Eliot laughed throatily. “No, but I think I can arrange that, too. It’s more like an interview surprise.”
Steffi.
“You got the au pair?”
“She’s agreed to meet us at a coffee shop in Romeo at 9 p.m. tonight, so we have to keep your family drama to a minimum.”
I decided to let that slide. “I’m going to owe you a big thank you,” I said flirtatiously.
“I plan on collecting.”
During the drive to Oakland County, I ran what I knew through my head. Brian Frank is a weird guy. Sarah Frank was having an affair. Brian Frank knew about it. The au pair might be sleeping with Brian Frank. Dick, Sarah’s boss, was still vacationing in the Bahamas – even though the woman he was having an affair with was missing. The whole thing was a giant mess..
When I got to the restaurant, I looked around the parking lot. There was no sign of Eliot’s truck. That wasn’t surprising, though, since I had been a full half an hour north of him when we talked.
I went into the restaurant and greeted my mom. She raised her eyebrows at my shirt, but didn’t say anything about it. “Where is Eliot?”
“He’s coming. We drove separately.”
She was still staring at my shirt. “What do you think?”
“I think that you have a strange sense of humor, but I’ve decided not to give you the reaction you want. I’m not going to comment on your clothes anymore.”

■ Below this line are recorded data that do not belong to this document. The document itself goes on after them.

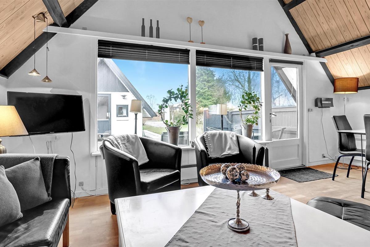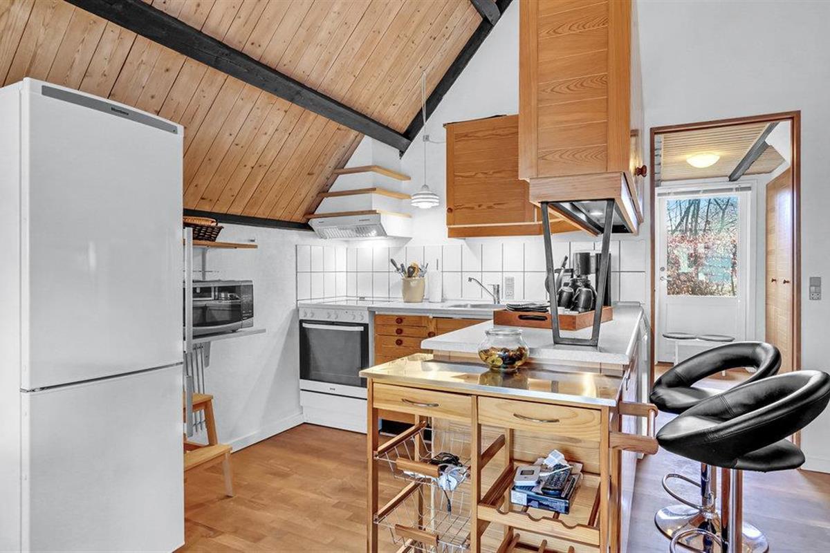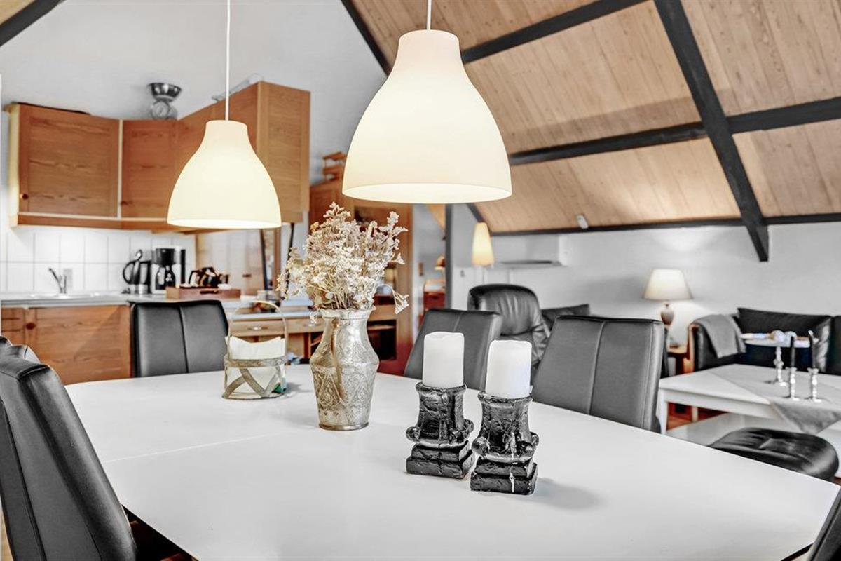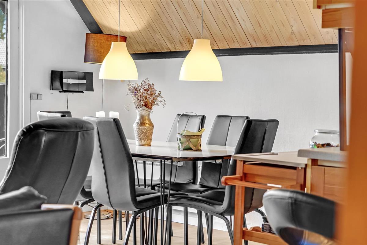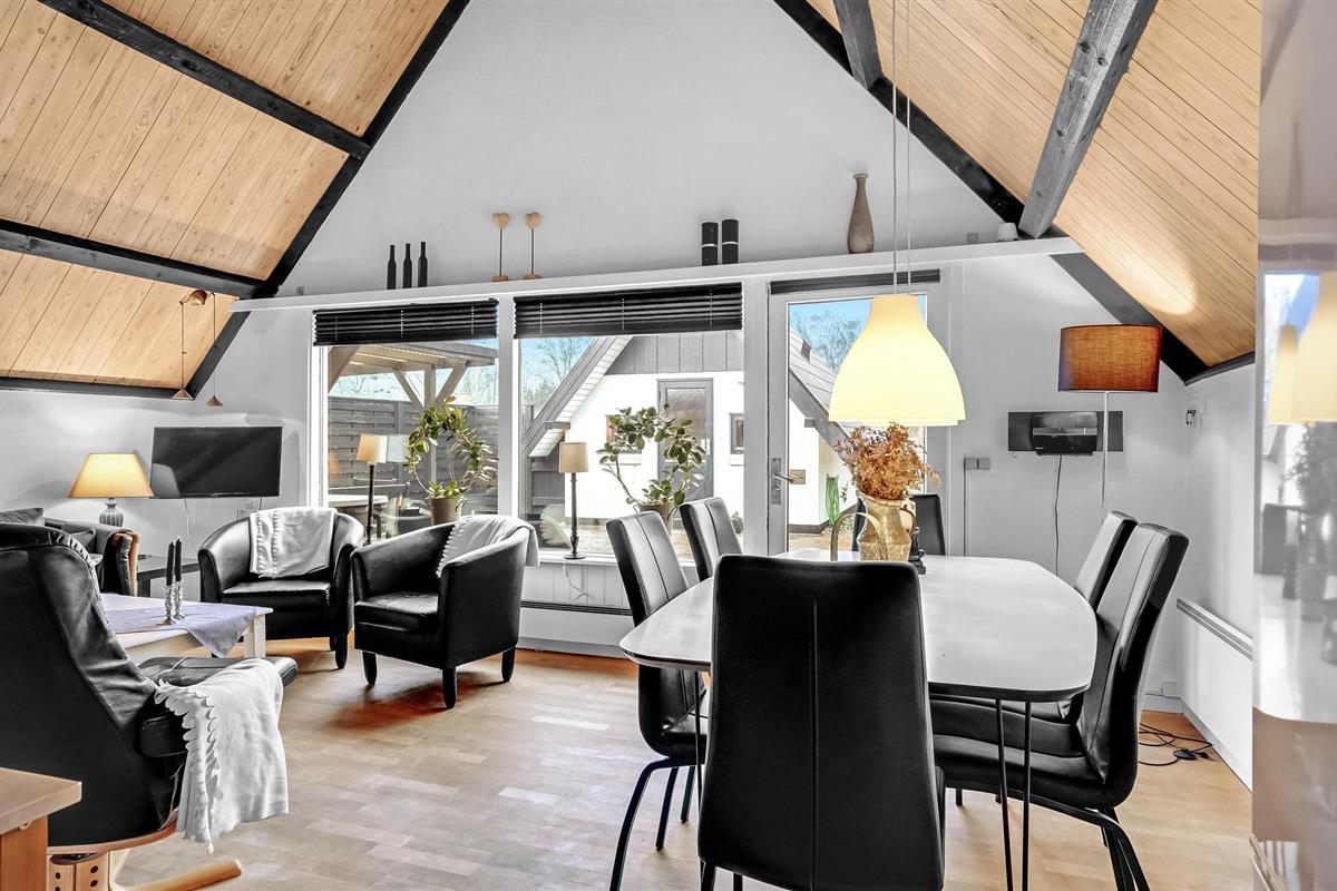Wanneer u terugkeert van uw stranduitstapje, wacht uw vakantiehuis u op in een ontspannen sfeer. Het hart van het huiselijke leven hier is de open keuken-woonkamer, die hoog onder het puntdak is gebouwd en een bijzondere gezelligheid uitstraalt. U kunt ook buiten op het terras dineren. Gezellige slaapkamers en de sauna ronden het feelgoodpakket af.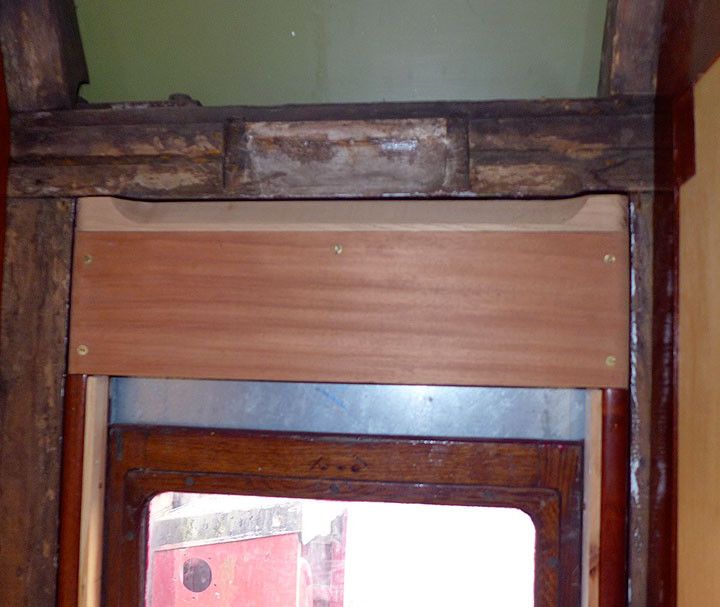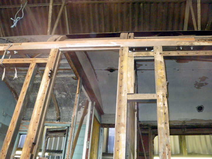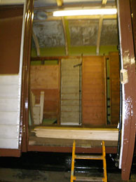 The partition between passenger saloon and vestibule with the rotten sections of tongue & groove boarding removed.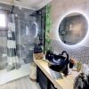 Baño: baño de diseño moderno con ducha de cristal y elegante travertino

“Good. Next week I’m wearing my Shark Week ‘Bite Me’ shirt.”
“Don’t you dare!”
The front door chimed and I looked up expectantly. The smile that was initially on my face disappeared when I saw Derrick and Devon enter the establishment. Shit. I so did not want to see her. Thankfully, Eliot walked in the door right after them.
Eliot slid into the booth next to me, greeting my mom warmly. She was just as happy to see him. Any animosity she had once harbored for his long hair and tattoos had since disappeared. I couldn’t decide if that made me happy or not.
Derrick and Devon situated themselves at the middle table. Neither of them acknowledged my presence.
We ordered dinner. I hadn’t eaten all day – and I was still slightly hung-over – so ordered my grandpa’s special spaghetti. Eliot ordered the same.